• [Exercise requirements]:
Exactly as they appear, write the lines from the one containing "- Once the cauliflower" to the final line of the entries, leaving pictures out.

[Saved data entries]
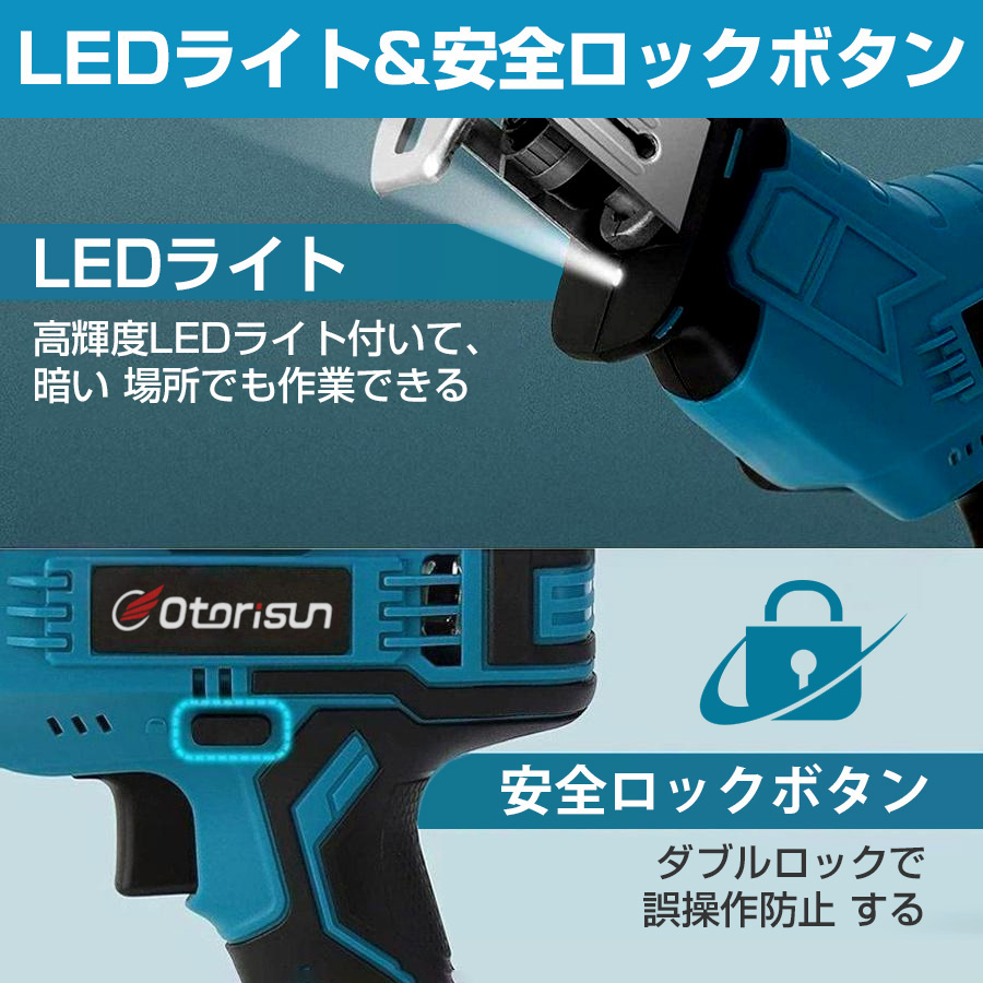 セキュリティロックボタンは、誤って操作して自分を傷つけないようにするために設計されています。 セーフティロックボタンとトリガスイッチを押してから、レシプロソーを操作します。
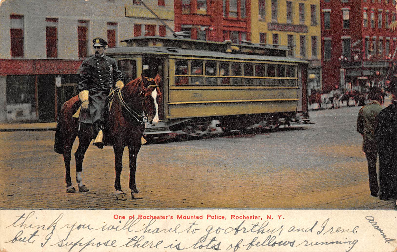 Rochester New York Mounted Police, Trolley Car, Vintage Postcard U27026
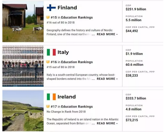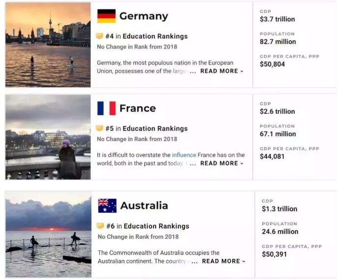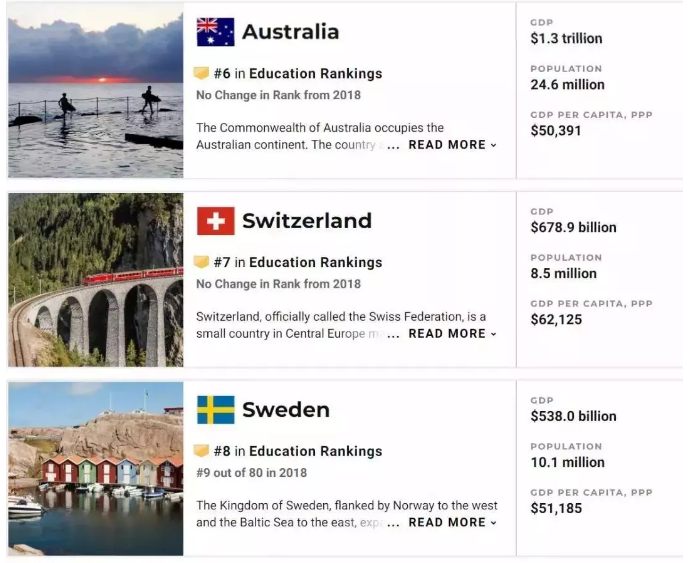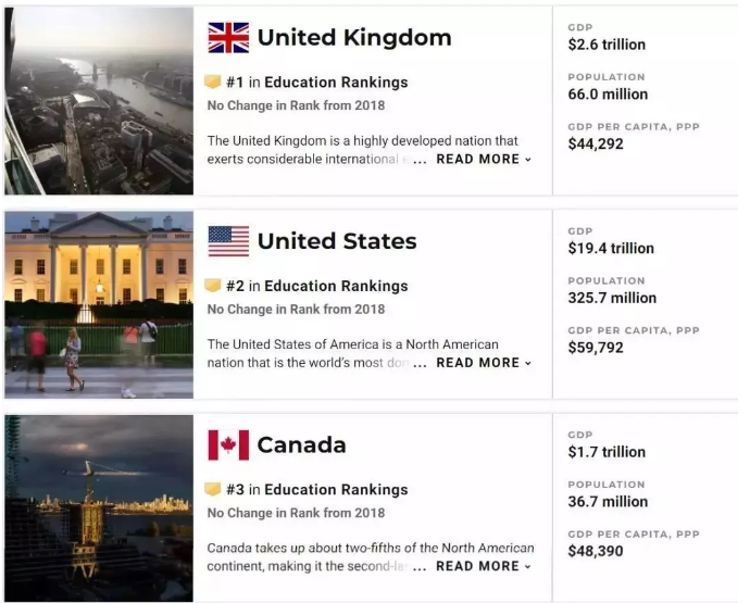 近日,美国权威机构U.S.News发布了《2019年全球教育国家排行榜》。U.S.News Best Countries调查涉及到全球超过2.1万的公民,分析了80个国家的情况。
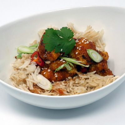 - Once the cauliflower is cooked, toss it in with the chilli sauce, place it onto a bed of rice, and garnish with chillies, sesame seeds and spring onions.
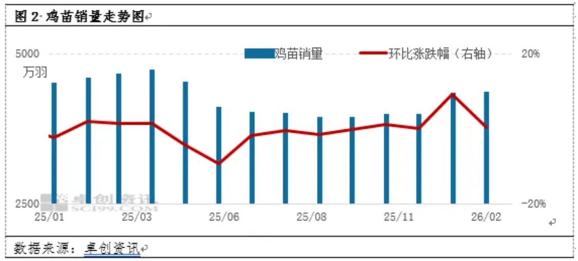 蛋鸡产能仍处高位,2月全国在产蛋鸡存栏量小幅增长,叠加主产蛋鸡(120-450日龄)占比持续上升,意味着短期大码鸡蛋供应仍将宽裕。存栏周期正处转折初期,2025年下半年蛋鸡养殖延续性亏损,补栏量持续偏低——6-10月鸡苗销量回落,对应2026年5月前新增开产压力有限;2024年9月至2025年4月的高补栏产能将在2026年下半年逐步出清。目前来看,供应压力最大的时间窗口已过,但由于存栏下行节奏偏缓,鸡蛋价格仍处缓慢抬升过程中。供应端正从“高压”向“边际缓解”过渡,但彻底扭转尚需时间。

• [Task result]:
 - Once the cauliflower is cooked, toss it in with the chilli sauce, place it onto a bed of rice, and garnish with chillies, sesame seeds and spring onions.
 蛋鸡产能仍处高位,2月全国在产蛋鸡存栏量小幅增长,叠加主产蛋鸡(120-450日龄)占比持续上升,意味着短期大码鸡蛋供应仍将宽裕。存栏周期正处转折初期,2025年下半年蛋鸡养殖延续性亏损,补栏量持续偏低——6-10月鸡苗销量回落,对应2026年5月前新增开产压力有限;2024年9月至2025年4月的高补栏产能将在2026年下半年逐步出清。目前来看,供应压力最大的时间窗口已过,但由于存栏下行节奏偏缓,鸡蛋价格仍处缓慢抬升过程中。供应端正从“高压”向“边际缓解”过渡,但彻底扭转尚需时间。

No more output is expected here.